The Central African Copperbelt is well known for its high-grade copper-cobalt deposits. Many hydrometallurgical copper refineries have been established in northern Zambia and in the Haut-Katanga and Lualaba provinces in the Democratic Republic of Congo to treat such orebodies. As the high-grade deposits at primary refinery sites become depleted, new ore deposits are exploited. These new deposits are often situated some distance from the refineries, thus necessitating upstream mineral processing in order to produce a concentrate that is then transported to the refinery, usually by road. In this paper a processing route that produces a copper sulphate product at the remote ore location is presented as a possible alternative to the production of a concentrate by dense media separation (DMS).
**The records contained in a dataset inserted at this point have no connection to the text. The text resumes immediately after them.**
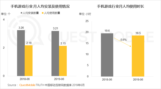 不过,手游行业的月人均安装数量、使用数量以及用户游戏时长都出现了明显的下跌。数据显示,今年6月份的手游行业月人均使用时长为18.5个小时,同比下滑5.6%,也就是说玩家平均游戏时间较上年减少了1小时。
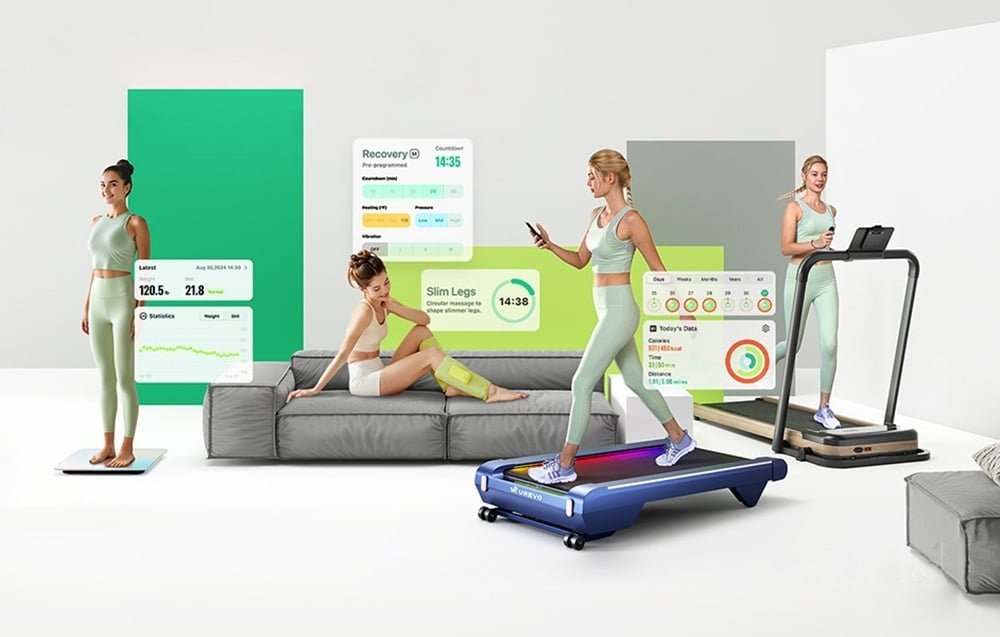 Aplikácia UREVO SmartCoach, ktorá je kompatibilná so systémami iOS a Android, umožňuje vytvárať personalizované tréningové plány a sledovať váš pokrok v reálnom čase. Všetky údaje - čas, vzdialenosť, rýchlosť, kalórie a úroveň sklonu - sa prehľadne zobrazujú na displeji smartfónu. Navyše sa aplikácia integruje s ďalšími zariadeniami UREVO, ako je váha alebo masážny prístroj, a ponúka ďalšie funkcie na podporu regenerácie a relaxácie. Je to komplexný nástroj, ktorý vám pomôže starať sa o svoju formu na bežeckom páse aj mimo neho.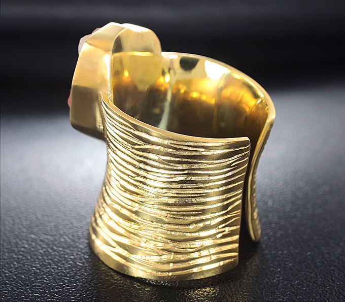 Кольцо c необработанным солнечным камнем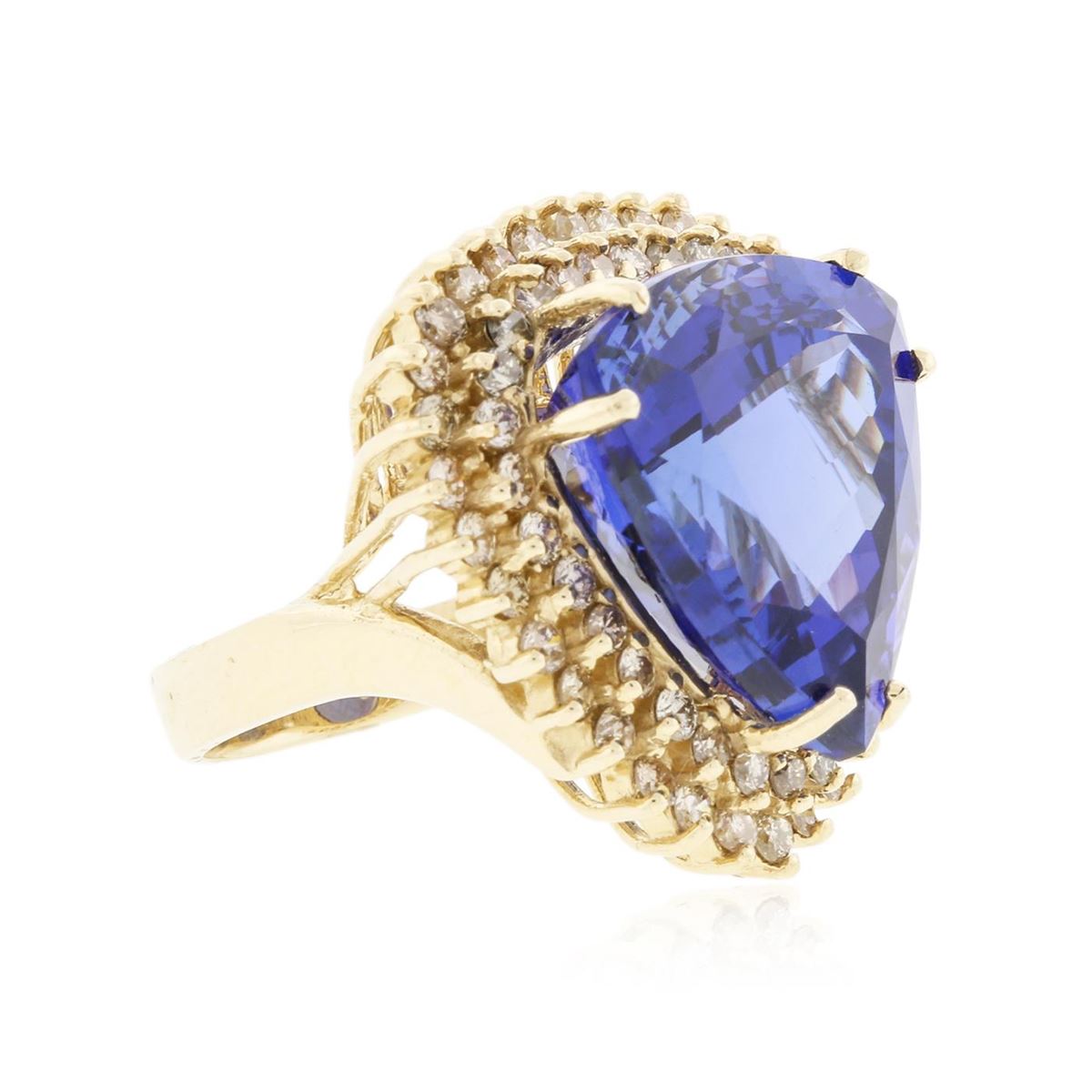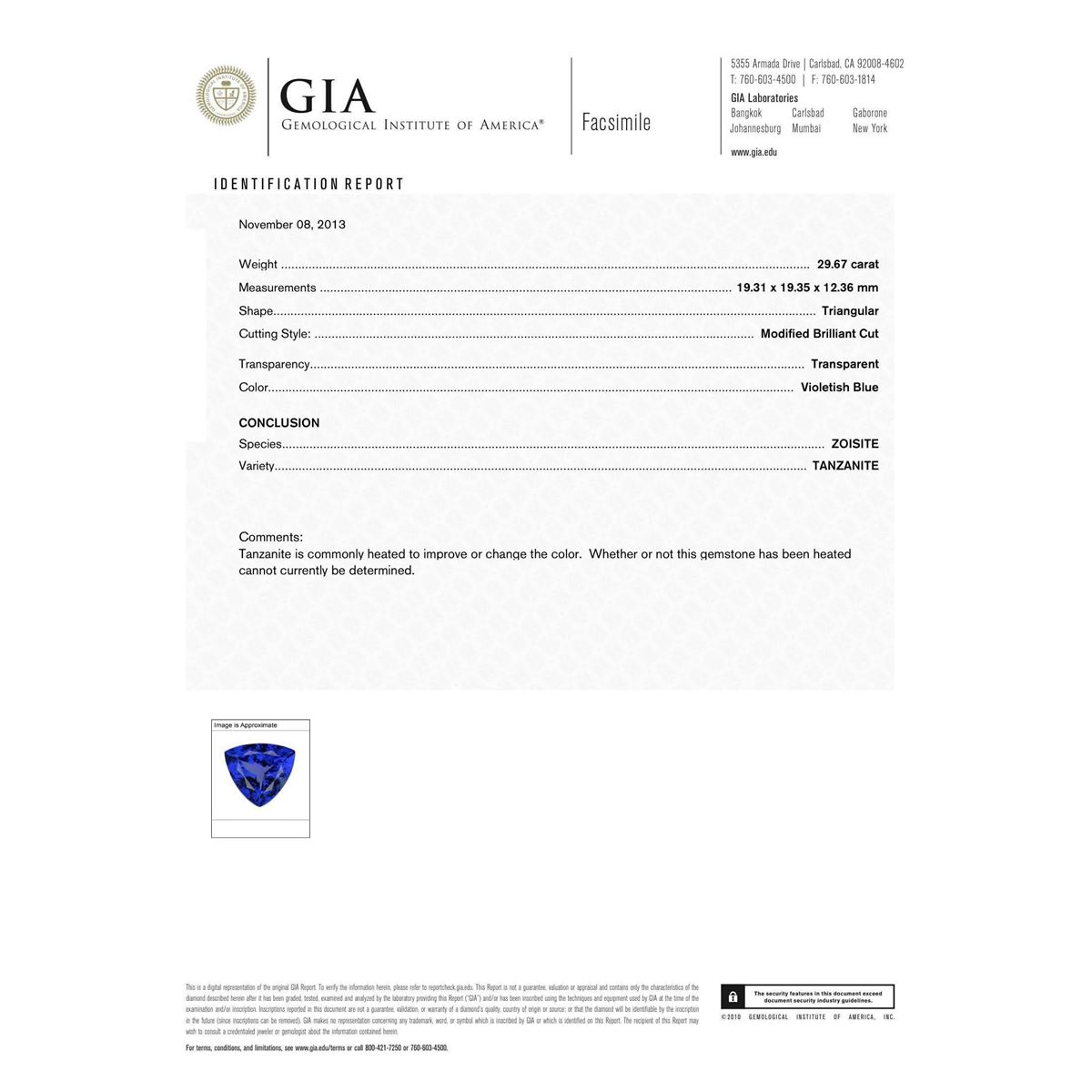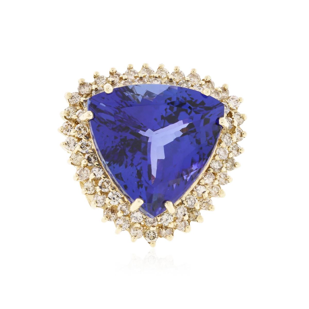 One electronically tested 14KT yellow gold ladies cast tanzanite and diamond ring with a bright polish finish. Condition is new, good workmanship. The featured tanzanite is set within tiered diamond bezels supported by a lattice under gallery, completed by a three and one-half millimeter wide band. Identified with markings of "K14". Containing: One prong set triangular modified brilliant cut natural tanzanite, measuring 19.31 x 19.35 x 12.36mm, exact weight 29.67ct., clarity is eye clean, type I, dark, very slightly grayish, violetish blue color, (GIA vB 7/3), cut is good. Transmitting light with no distortion, transparent. GIA Colored Stone Grading Report attached. Graded loose prior to setting in the GIA Laboratory, Report #6157735278. Tanzanite is a very rare gemstone that is only found in the country of Tanzania. Originally discovered in 1967. Tiffany & Company, named the stone Tanzanite. It is found in the Usumburu Mountains that border the Umba Valley of northern Tanzania. Tanzanite occurs in gray, brown, violet, blue, reddish-purple, & green. The gem is interesting because of its exceptional pleochroism. Rotated in different directions a tanzanite will exhibit multiple changes of color. Tanzanite has a low tolerance to ultrasonic cleaning, and should not be cleaned using this method. Sixty-three prong set round brilliant cut diamonds, measuring 2.20 - 2.00 x 1.26mm (depth est.) approximate total weight of 63 Stones = 2.23ct. Faint brown secondary color throughout. Graded in the setting. Clarity VS-2 to SI-2. Color K - M. Total Weight of Colored Stones 29.67ct. Total Weight of Diamonds 2.23ct. Total Weight of Ring 18.64gm. AIG Appraised at $87,710.00.

The alternative process comprises crushing and screening of the ore, heap leaching, solvent extraction, and copper sulphate crystallization. Similar technology has been successfully implemented in South America; however, these plants have targeted copper sulphate as a final product, primarily for the animal feed additive market. Although the production of feed-grade copper sulphate offers producers a premium on the final product, the market demand is limited. The demand for LME-grade copper metal is orders of magnitude higher than that for feed-grade copper sulphate. An advantage of satellite copper sulphate production is that copper units supplied to the refinery for cathode production require less secondary processing than a DMS concentrate. The end product is attractive for copper cathode producers that have un-utilized solvent extraction (SX) and electrowinning (EW) capacity. When added to SX, the sulphate associated with the copper sulphate is recovered as sulphuric acid in the raffinate, supplementing the fresh acid requirements for leaching. The copper sulphate purity is such that it can also be added intermittently to the EW strong/advance electrolyte circuit, although care must be taken to maintain the sulphate balance in the EW circuit. The advantages and disadvantages of the two processing routes are compared.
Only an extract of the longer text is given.